Private equity activity in 2010 reached levels not seen since just prior to the global economic crisis, according to the Private Equity Growth Capital Council’s year-end Private Equity Index.
Private equity-based buyouts for all of 2010 totalled $221 billion, just short of 2008’s $240 billion of deals and an 81 percent increase compared to the $122 billion-worth of buyouts in 2009.
Exits were also on the rise: the 96 private equity-backed initial public offerings that took place over the course of the year raised more than $35 billion globally, up from 32 IPOs that raised $12.7 billion in 2009, the PEGCC said. Exits in the US during 2010 totaled in excess of $110 billion, more than double the value of exits in 2009.
“Investment, deal volume and exits all increased sharply in 2010, and the Index finished the year well above its 10-year moving average as a result,” PEGCC vice president of research Jason Thomas said in a statement. “But while investment activity in 2010 reached levels that hadn’t been seen since early 2008, fundraising remains the soft spot, showing no increase over 2009 and remaining near 2004 levels.”

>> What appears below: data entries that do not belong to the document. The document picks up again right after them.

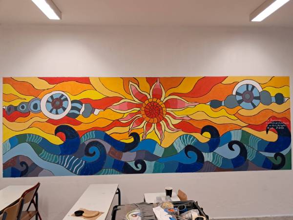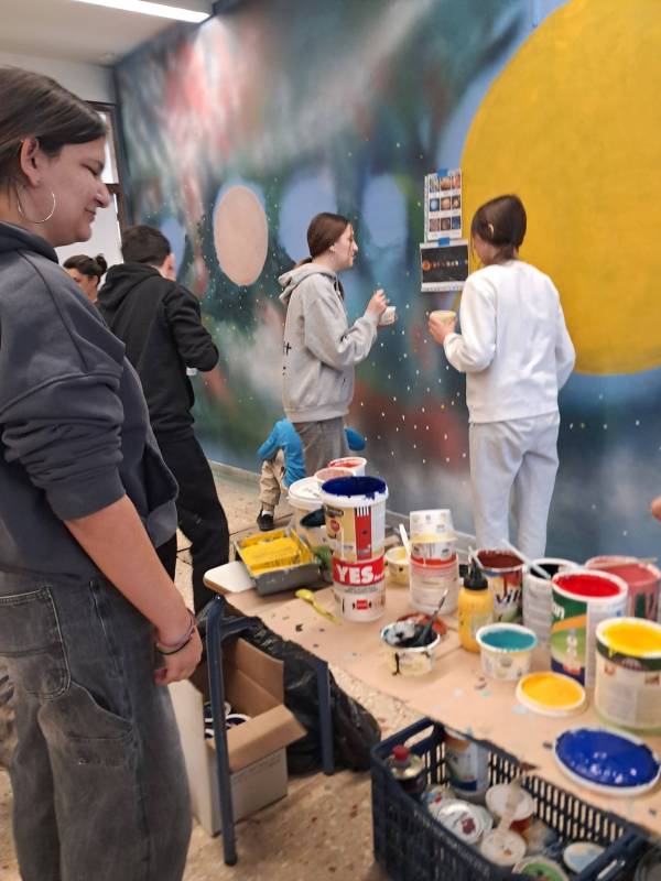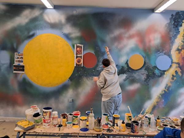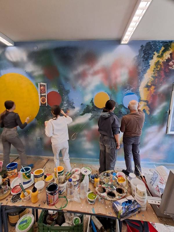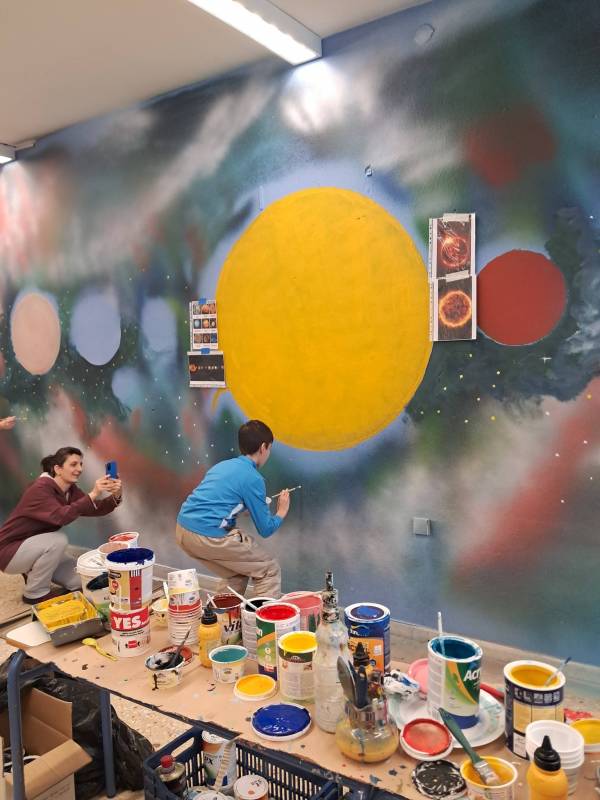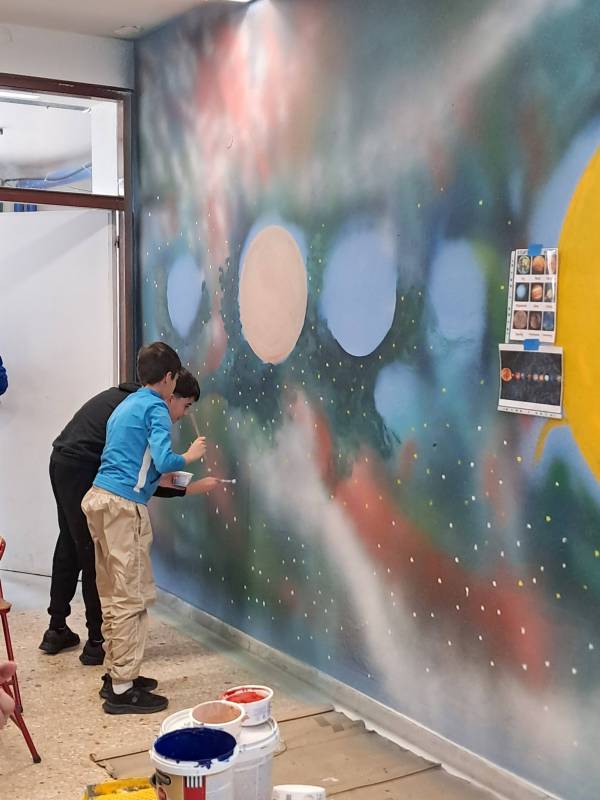 Ο Καβαλιώτης εικαστικός μαζί με τους μαθητές και τους γονείς ζωγράφισαν τους πλανήτες, μία Δύση του ήλιου και ένα τοπίο.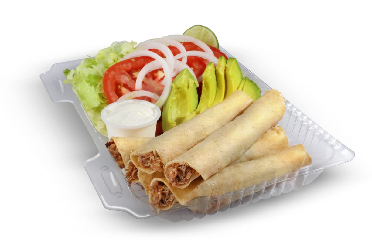 5 Flautas, Crema, aguacate, lechuga, tomate y cebolla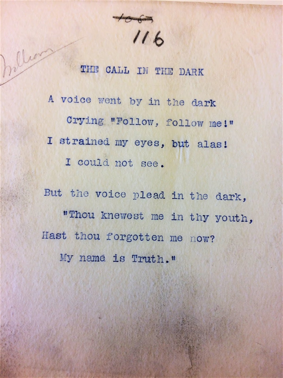 A draft of “The Call in the Dark,” courtesy of the Ella Higginson Papers, Center for Pacific Northwest Studies, Heritage Resources, Western Washington University, Bellingham Washington.
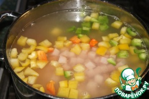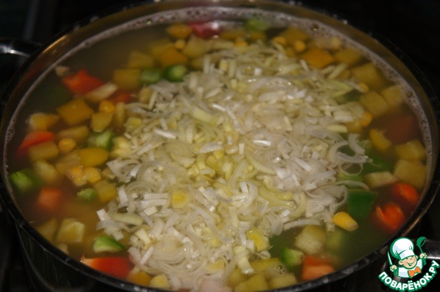 Всыпать порей, довести до кипения и проварить 2 минуты.
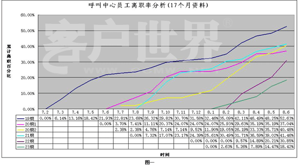 員工流失率控制,在行業(yè)內(nèi)困惑著不少中心領(lǐng)導(dǎo)。業(yè)內(nèi)專家集中精力,采取各種措施,試圖減少流失率對服務(wù)中心成本的影響。為此,本項(xiàng)目組對某客戶服務(wù)中心員工5期新員工進(jìn)行了17個月的數(shù)據(jù)采集、分析,涉及近200名離職員工的信息分析。從時(shí)間變量角度,對新員工內(nèi)心體驗(yàn)進(jìn)行闡述,并分析此考察期間,員工負(fù)性情緒、工作事件、經(jīng)歷體驗(yàn)與促使員工離職行為之間的關(guān)系,建立針對問題的性質(zhì),制定干預(yù)策略。本設(shè)想建立在針對員工培訓(xùn)體系進(jìn)行優(yōu)化,減少已發(fā)現(xiàn)的新員工離職原因?qū)θw員工的影響,從而實(shí)際的減少員工流失、工作低績效現(xiàn)象,達(dá)到提高組織績效的目的。
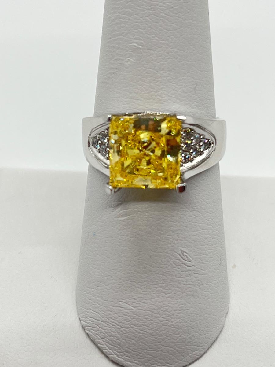 LOT 79:  Sterling Silver Rings: Citrine & CZ - sz7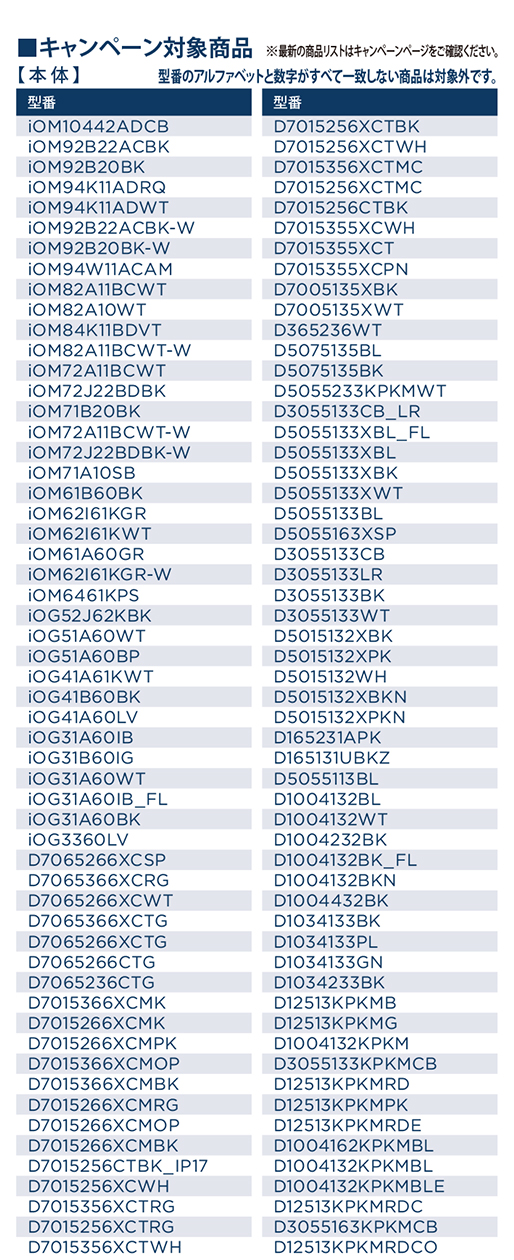キャンペーン対象商品一覧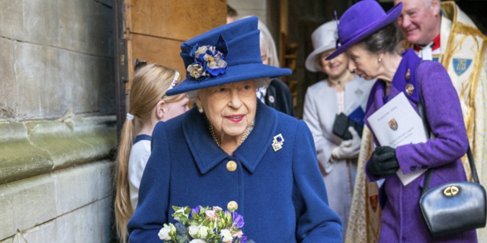 Ευδιάθετη, ντυμένη σε αποχρώσεις του μπλε και κρατώντας ένα μπουκέτο λουλούδια στα χέρια, η βασίλισσα Ελισάβετ επισκέφθηκε την Τρίτη το Αβαείο του Γουεστμίνιστερ.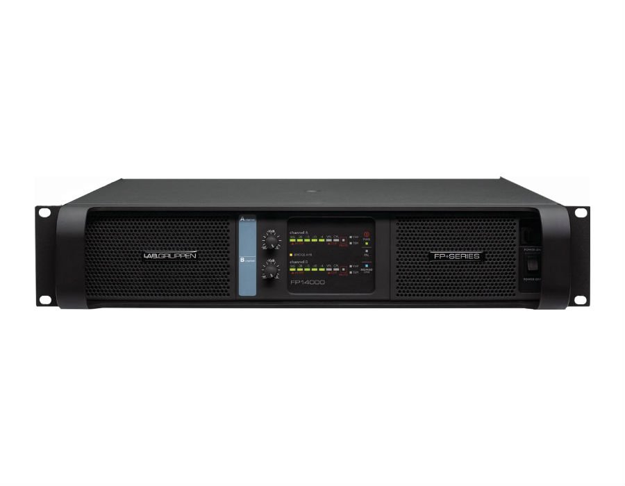 Over the past decade, the tight and transparent sound of LAB GRUPPEN touring amplifiers has earned the praise of renowned FOH engineers and leading sound rental companies worldwide. FP 14000, the new flagship model of the FP+ Series, advances this tradition by further augmenting effective power output to effortlessly handle extreme low-frequency loads.The Regulated Switch Mode Power Supply (R.SMPS) has been updated to provide more sustained high power during extended bursts of low frequency content, while at the same time ensuring stable rail voltages even with wide fluctuations of external mains voltage. The forceful, high-current (83 A peak) output stage relies on LAB GRUPPEN’s patented Class TD topology, a breakthrough in amplifier technology that approaches the efficiency of Class D while retaining the sonic purity of proven Class B designs. A highly refined and efficient circuit layout further optimizes the interaction of R.SMPS and Class TD to produce the unprecedented power density of the FP 14000.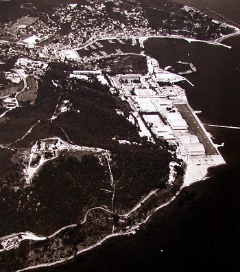 ![]() Vue aérienne de la presqu'île et de la BAN Saint-Mandrier (fin des années 70). |

Total fundraising in 2010 reached roughly $104.4 billion, compared to $100.3 billion in 2009 and $99.8 billion in 2004. As of January 2010, buyout dry powder stood at an estimated $446 billion globally.
The PEGCC’s index measures global private equity activity based on total direct investment, buyout transaction volume, fundraising and the dollar value of private equity exits. The index reaches 100 when all four components are at their 10-year moving average. As of the end of 2010, the index stood at 115.3, its highest level since the fourth quarter of 2007.